Modified: hive/trunk/ql/src/java/org/apache/hadoop/hive/ql/optimizer/index/RewriteQueryUsingAggregateIndex.java
URL: http://svn.apache.org/viewvc/hive/trunk/ql/src/java/org/apache/hadoop/hive/ql/optimizer/index/RewriteQueryUsingAggregateIndex.java?rev=1617039&r1=1617038&r2=1617039&view=diff
==============================================================================
--- hive/trunk/ql/src/java/org/apache/hadoop/hive/ql/optimizer/index/RewriteQueryUsingAggregateIndex.java (original)

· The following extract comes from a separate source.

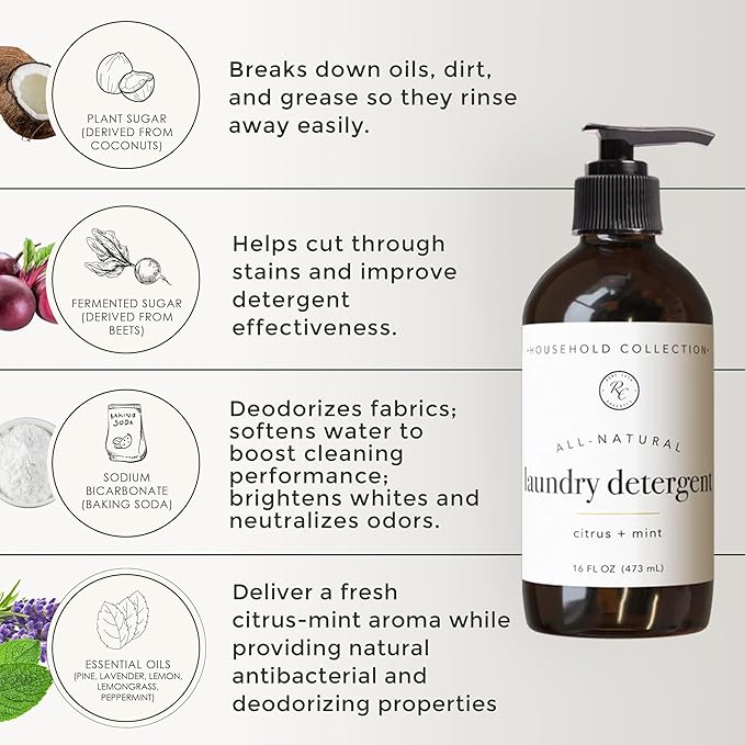 Rowe Casa Organics Citrus and Mint Laundry Detergent Liquid – Natural Liquid Washing Detergent with Refreshing, Crisp, and Bright Scent – 16 Oz Pump Bottle

+++ hive/trunk/ql/src/java/org/apache/hadoop/hive/ql/optimizer/index/RewriteQueryUsingAggregateIndex.java Sun Aug 10 01:15:37 2014
@@ -42,6 +42,7 @@ import org.apache.hadoop.hive.ql.lib.Nod
 import org.apache.hadoop.hive.ql.lib.NodeProcessorCtx;
 import org.apache.hadoop.hive.ql.metadata.HiveException;
 import org.apache.hadoop.hive.ql.metadata.Table;
+import org.apache.hadoop.hive.ql.optimizer.ColumnPrunerProcFactory;
 import org.apache.hadoop.hive.ql.parse.OpParseContext;
 import org.apache.hadoop.hive.ql.parse.ParseContext;
 import org.apache.hadoop.hive.ql.parse.RowResolver;
@@ -68,7 +69,6 @@ import org.apache.hadoop.hive.serde2.typ
  */
 public final class RewriteQueryUsingAggregateIndex {
   private static final Log LOG = LogFactory.getLog(RewriteQueryUsingAggregateIndex.class.getName());
-  private static RewriteQueryUsingAggregateIndexCtx rewriteQueryCtx = null;
 
   private RewriteQueryUsingAggregateIndex() {
     //this prevents the class from getting instantiated
@@ -78,7 +78,7 @@ public final class RewriteQueryUsingAggr
     public Object process(Node nd, Stack<Node> stack, NodeProcessorCtx ctx,
         Object... nodeOutputs) throws SemanticException {
       SelectOperator operator = (SelectOperator)nd;
-      rewriteQueryCtx = (RewriteQueryUsingAggregateIndexCtx)ctx;
+      RewriteQueryUsingAggregateIndexCtx rewriteQueryCtx = (RewriteQueryUsingAggregateIndexCtx)ctx;
       List<Operator<? extends OperatorDesc>> childOps = operator.getChildOperators();
       Operator<? extends OperatorDesc> childOp = childOps.iterator().next();
 
@@ -98,7 +98,7 @@ public final class RewriteQueryUsingAggr
         List<ColumnInfo> selRSSignature =
           selRS.getSignature();
         //Need to create a new type for Column[_count_of_indexed_key_column] node
-        PrimitiveTypeInfo pti = (PrimitiveTypeInfo) TypeInfoFactory.getPrimitiveTypeInfo("bigint");
+        PrimitiveTypeInfo pti = TypeInfoFactory.getPrimitiveTypeInfo("bigint");
         pti.setTypeName("bigint");
         ColumnInfo newCI = new ColumnInfo(rewriteQueryCtx.getAggregateFunction(), pti, "", false);
         selRSSignature.add(newCI);
@@ -117,19 +117,15 @@ public final class RewriteQueryUsingAggr
   /**
    * This processor replaces the original TableScanOperator with
    * the new TableScanOperator and metadata that scans over the
-   * index table rather than scanning over the orginal table.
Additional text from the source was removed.